Study finds weak participation on Web 2.0 sites - gibsonf1
http://news.com.com/Study+finds+weak+participation+on+Web+2.0+sites/2100-1032_3-6177059.html?tag=nefd.top
======
pg
Odd spin to the title. The ratios they quote sound about what I'd predict.
What standard are they weak in comparison to? Presumably whatever uneducated
guess the writer of this article already had in his head. This kind of thing
is exactly why traditional journalism sucks.

------
Goladus
However low it might be, as a ratio, isn't something I'd really be too
concerned with. The ratio of Steven Spielberg to everyone who sees his movies
is pretty low, for example. I don't think that's a problem.

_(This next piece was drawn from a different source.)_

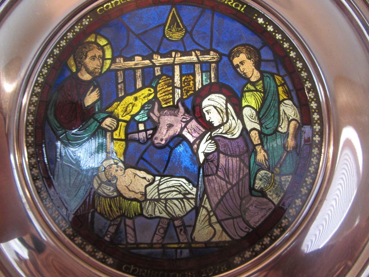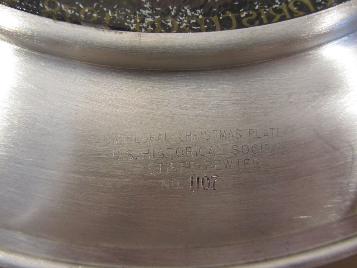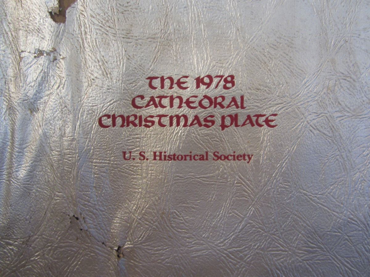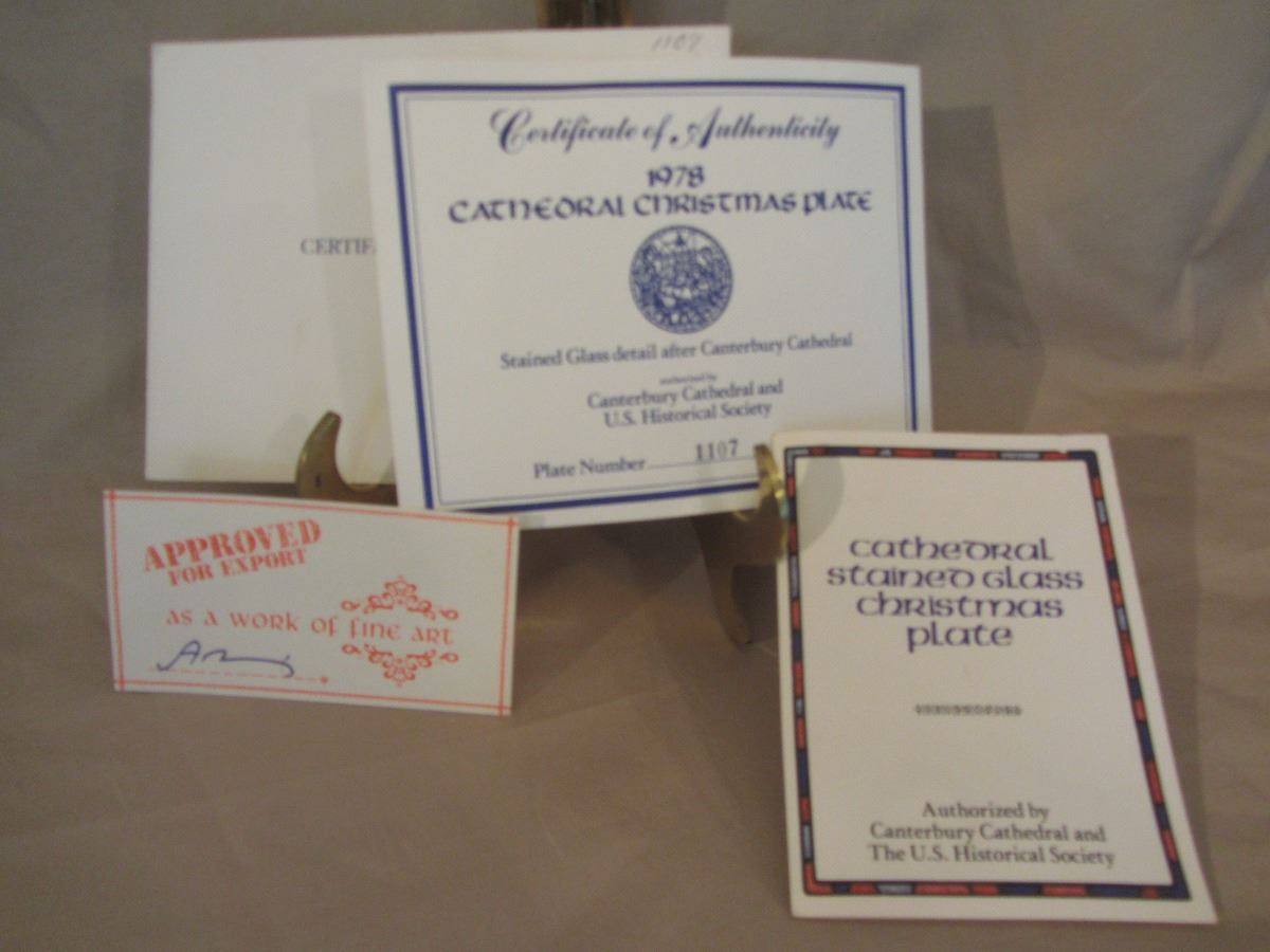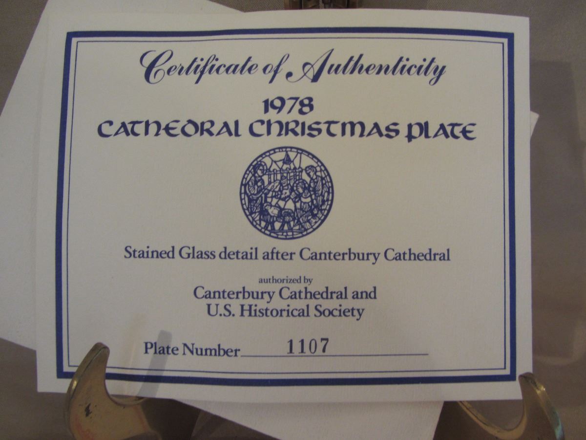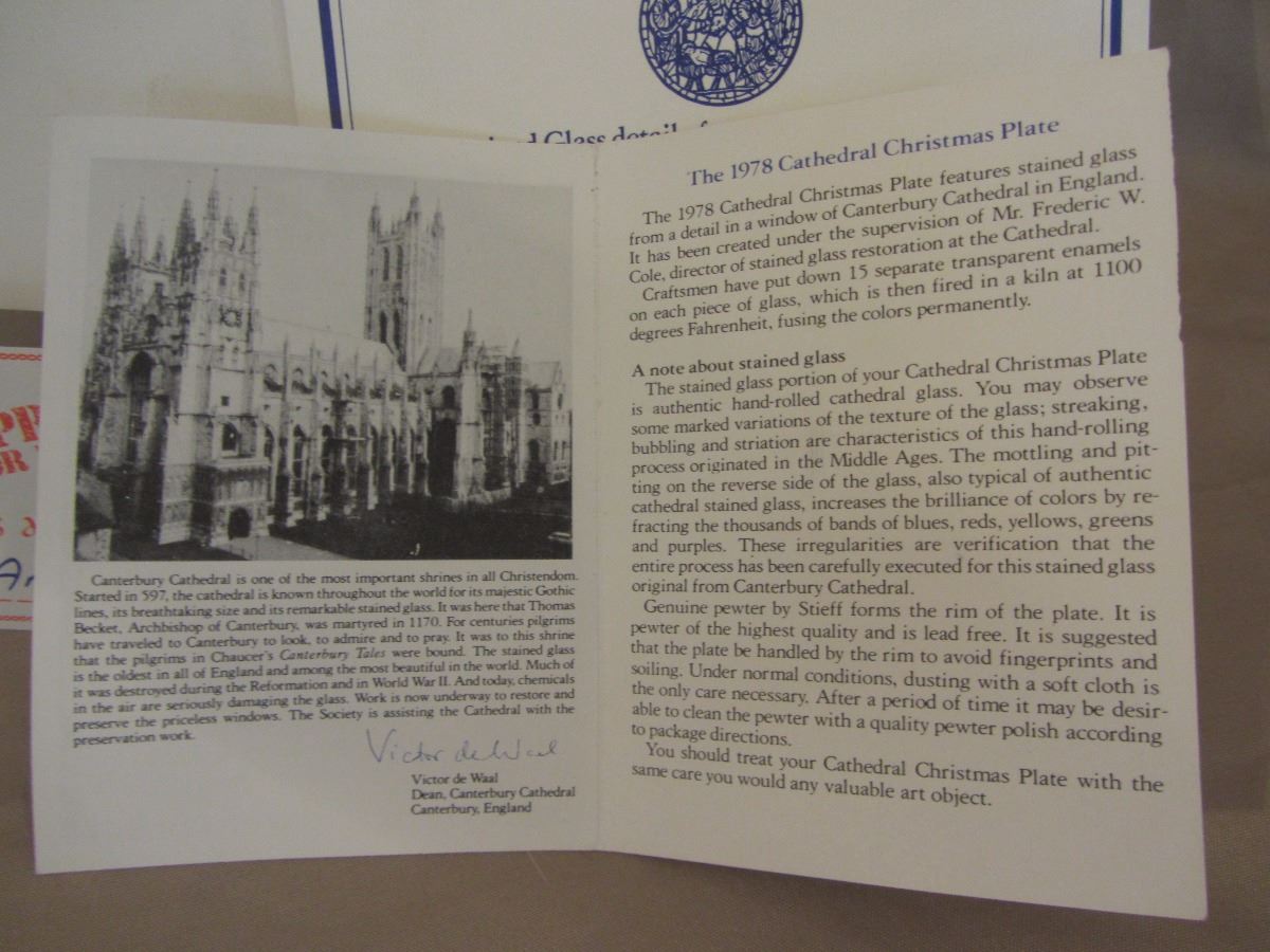 9 3/4" plate, dated 1978 'Cathedral Christmas Plate' Authorized by Canterbury Cathedral and The U.S. Historical Society. Plate is made of Pewter with a stained glass center piece. It is number 1107 comes in the original box with all original paperwork. (Please see images for details)

Only 0.2% of users upload photos to flikr, probably because the number of
lurkers has skyrocketed. The number of quality contributors only needs to grow
fast enough to keep the lurkers and voters growing.

------
timg
No kidding. As much as some people around here hate to hear it, sometimes you
have to FORCE your users _provide_ content before they can _receive_ their
fill of content from your app. What are the benefits/costs of each approach?

Allowing users to receive without giving content:

1\. Good: Maximizes the impact of your PR/ Lets you grow really fast over a
short period of time.

2\. Bad: Easy come, easy go. Since the users have no role as a content
creator, they will be out of there the second your competitor has the
slightest feature improvements over you.

Requiring every user to be a creator (edit- to receive full benefit from your
app):

1\. Bad: The start can be rough. Expect to have to really have to use some
marketing ingenuity.

2\. Good: Users will be locked in.

3\. Good: Your site will (should) be far more valuable if more people are
contributing. This, along with #1 will lead to exponential growth.

4\. Maybe bad: With this abundance of content, it will be mandatory that you
find a way to present the user with the content that is most relevant to him.

5\. Good: You are monopolizing access to a lot of content. You can probably
charge users directly for this access.

Thoughts?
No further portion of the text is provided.